I went out and saw
FUEL tonight (limited release; it also just opened in Austin). I guess it’s good see any movie that talks about energy independence from oil out in the public; but I have to say I was a little disappointed that reducing American consumption was little more than a footnote. It seemed rather absurd to see Willie Nelson pumping biodiesel into his gigantic idling tour bus as a way to save the planet. Similarly, the woman in LA who had her Biodiesel Tahoe (and the biodiesel vehicle parade that followed); or the guy who talked about producing plastics from algae oil.
While these products are vastly better than their petroleum-based cousins, I think at some point we as Americans will need to face the fact that we are running a deficit in so many ways in our lives and doing so is simply not sustainable. Switching to biodiesel, for example, will not help with inherent inefficiencies/congestion caused by SOV (single occupancy vehicle) traffic. It will not help with the destruction of open spaces by development (suburban sprawl and the like). Car culture is destroying the livability of our cities, and having vehicles that use a different fuel simply will not help that.

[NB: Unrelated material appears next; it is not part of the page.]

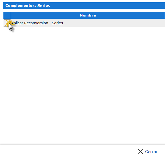 f. Luego se nos muestra una ventana donde seleccionaremos Aplicar Reconversión Series.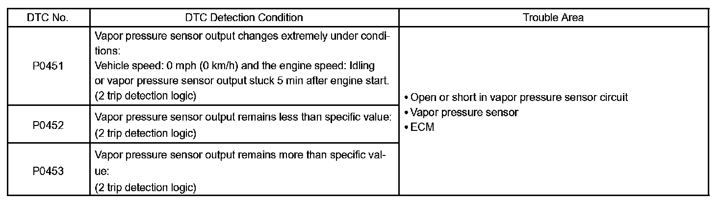 DTC "P0451, P0452 or P0453" is recorded by the ECM when the vapor pressure sensor malfunctions.

It seems weird to me that to follow the advice of the film and become a better earth citizen, I suppose you’d engage in a sort of eco-consumerism by buying solar panels, a new diesel car, etc. It seems much more natural to simply live more sustainably by using less power, buying less environmentally toxic stuff, driving less, etc. That, IMO, is very hard to swallow for the American public, which is why you get guilt...err....
carbon offsets when you buy a Land Rover.
At the very end of the movie, they did promote “the solution” as being a bunch of things, which I agree with; but sadly this was just a small part of what amounted to a very long biodiesel commercial. 70% biodiesel, 20% algae, 8% other fuel sources, 2% reducing (bikes were, for example, relegated to simply being an icon with no mention in the dialog).
I guess like Barack Obama’s “
health insurance plan,” it’s at least a step in the right direction. For that, we owe gratitude to Mr. Tickell.